What is expected
From the line with "Просторная 3-комн. квартира" down to the final line of the material, please transcribe everything exactly, but leave the pictures out.

Data section Block Start

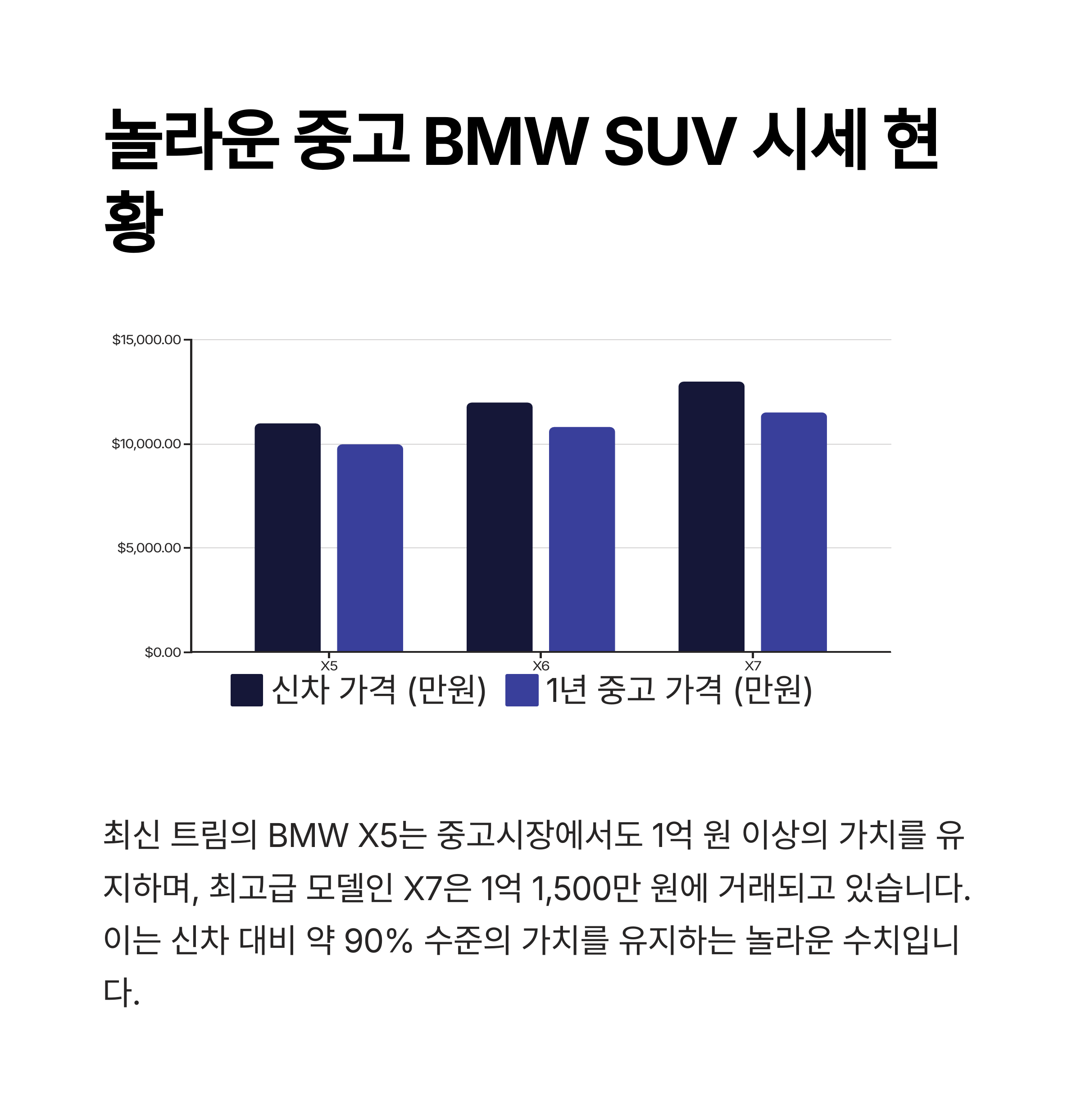 이처럼 신차 수급난이 이어지는 한, X시리즈 중고 차량의 시세는 당분간 고공행진을 이어갈 가능성이 높습니다. 그러나 그 끝은 언제 올지 모릅니다.
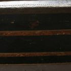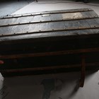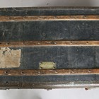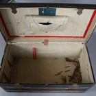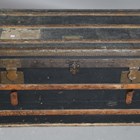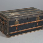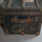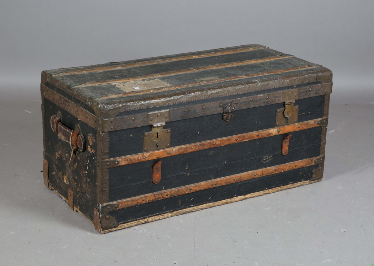 A late 19th century black canvas and wooden bound travelling trunk, width 92cm.
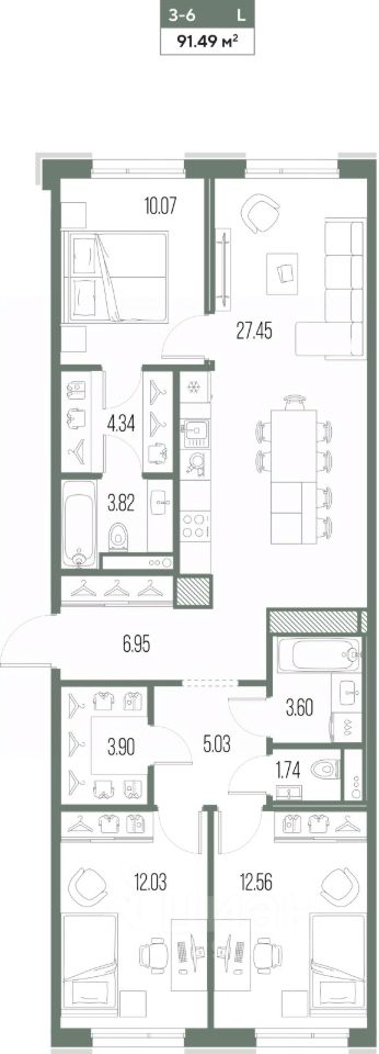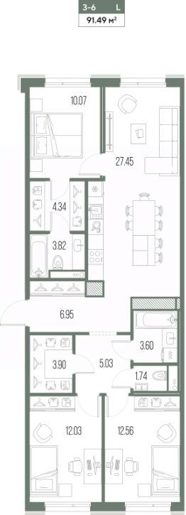 Просторная 3-комн. квартира в ЖК "LEGENDA Васильевского" на 2 этаже. Общая площадь: 91.49 кв.м. Высота потолков 2.72 м.
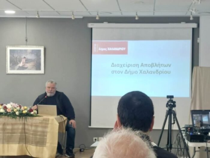 Ο κ. Λυμπεράτος παρουσίασε όλες τις καλές πρακτικές που εφαρμόζει ο Δήμος Χαλανδρίου στην κατεύθυνση της κυκλικής οικονομίας, με έμφαση στα σημαντικά πεπραγμένα στη διαχείριση αλλά και στην αποτροπή παραγωγής βιοαποβλήτων.

Data section Block End

Final answer
 Просторная 3-комн. квартира в ЖК "LEGENDA Васильевского" на 2 этаже. Общая площадь: 91.49 кв.м. Высота потолков 2.72 м.
 Ο κ. Λυμπεράτος παρουσίασε όλες τις καλές πρακτικές που εφαρμόζει ο Δήμος Χαλανδρίου στην κατεύθυνση της κυκλικής οικονομίας, με έμφαση στα σημαντικά πεπραγμένα στη διαχείριση αλλά και στην αποτροπή παραγωγής βιοαποβλήτων.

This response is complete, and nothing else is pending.